← Back to stories A modern industrial building with yellow accents and a chain link fence in the foreground.
Photo by Markus Winkler on Pexels
虎嗅 2026-04-03

Refusing to bow to Chinese rivals, Honda's legendary unit 'revives'

Move to revive an engineering creed

Honda (本田) has quietly reversed a major organizational change and is reviving its independent research arm, it has been reported. Faced with the speed and scale of China’s auto supply chain — a fully automated parts factory that also supplies Tesla was singled out during a recent visit by Honda president 三部敏宏 — company leadership concluded they “completely have no chance” unless they acted. From April 1, 2026, thousands of vehicle development engineers will be moved under the re-established Honda R&D (本田研发), restoring an old model that granted engineers autonomy from commercial management.

Why this matters now

The move is an explicit bet that autonomy and long-term engineering focus can counter China’s rapid iteration and low-cost manufacturing. Honda traces the R&D unit’s origins to founder Soichiro Honda (本田宗一郎) and credits it with landmark work such as the CVCC engine that met U.S. emissions rules in the 1970s. But in 2020 then‑president Takahiro Hachigo (八乡隆弘) folded the unit back into the parent to speed up product-to-market timelines. Now, leadership has backtracked, arguing that centralized efficiency has left Honda lagging in China where development cycles run 18–24 months — roughly half the time of many Japanese rivals.

Competitive and geopolitical context

The reset comes amid a broader reshaping of Japan’s auto approach to China.
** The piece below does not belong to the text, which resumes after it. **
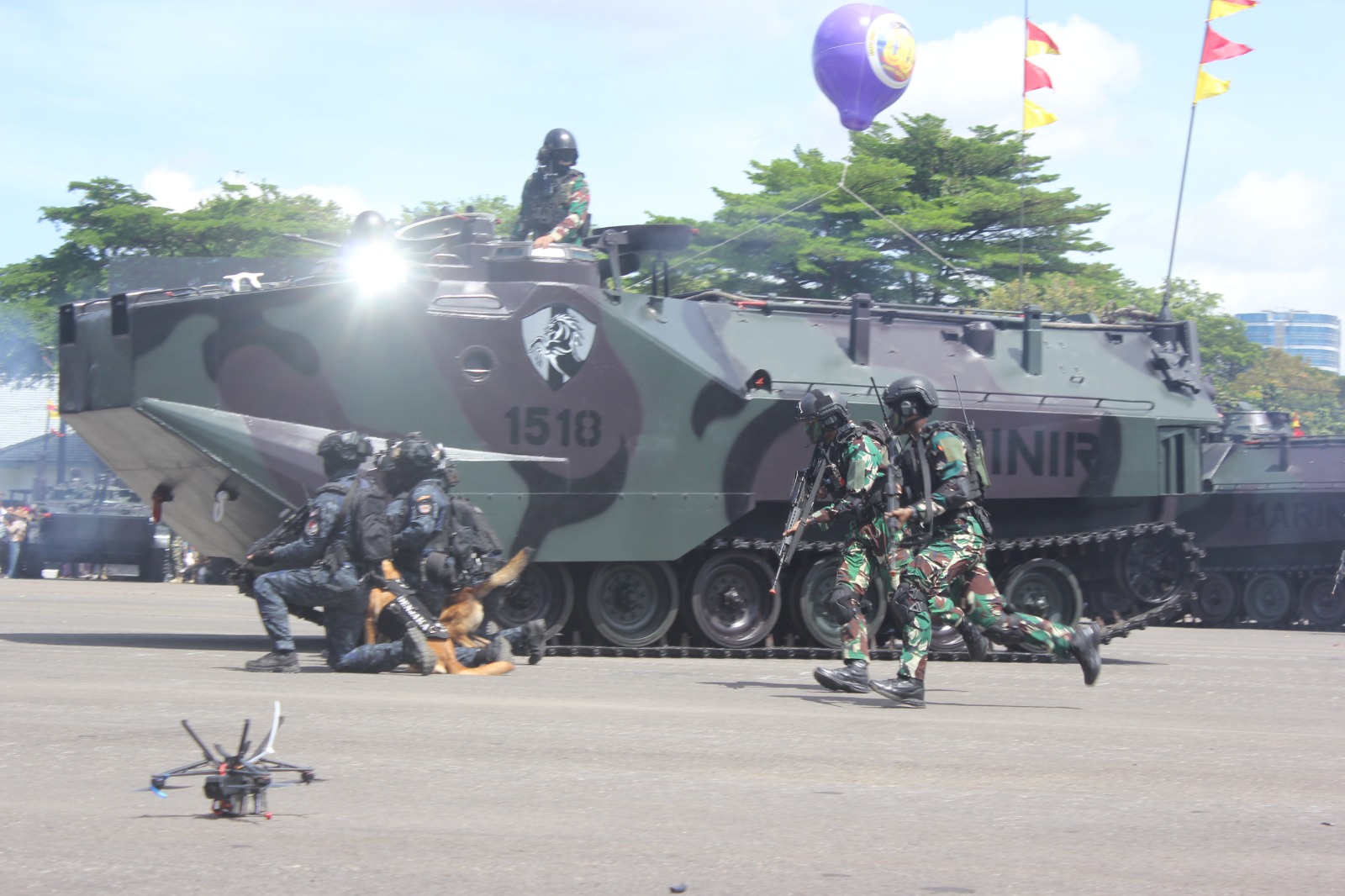 Sementara itu pada kesempatan tersebut Danbrigif 1 Marinir Kolonel Marinir Alim Firdaus, S.H., M.Tr.Hanla., M.M., menyampaikan agar melaksanakan demonstrasi Kerja Sama Infanteri Tank (KSIT) dengan semangat. “Berikan penampilan terbaik di hadapan ribuan masyarakat Indonesia, tunjukkan bahwa kalian prajurit Korps Marinir yang handal dan profesional,” ujarnya.

Toyota (丰田) and Nissan (日产) have leaned into local partnerships and handed more product autonomy to China teams; Toyota’s China sales reportedly rose to 1.78 million in 2025, while Nissan narrowed its declines. By contrast Honda’s China new‑car sales tumbled to about 640,000 in 2025, down 24% year‑on‑year, and factory capacity utilization in China has slipped into loss-making territory. It has been reported that Honda also trimmed headline electrification spending in 2025, preserving a smaller, targeted pool for software-defined vehicle work — a response shaped by both market pressure and the wider U.S.–China technology rivalry that is forcing auto groups to rethink supply chains and software strategies.

Can culture change be a competitive weapon?

Skeptics warn that re-creating a legal and operationally independent R&D body is not a guaranteed fix. It has been reported that internal dissent remains and analysts say mere organizational reversal won’t instantly close gaps in software, data and production automation where Chinese firms excel. Still, Honda’s leadership frames the move as existential: this is not a tweak, but an attempt to restore engineering independence and renew long‑cycle innovation. The question now is simple: can the restored Honda R&D translate legacy engineering freedom into the speed and software capability needed to compete in 2020s China?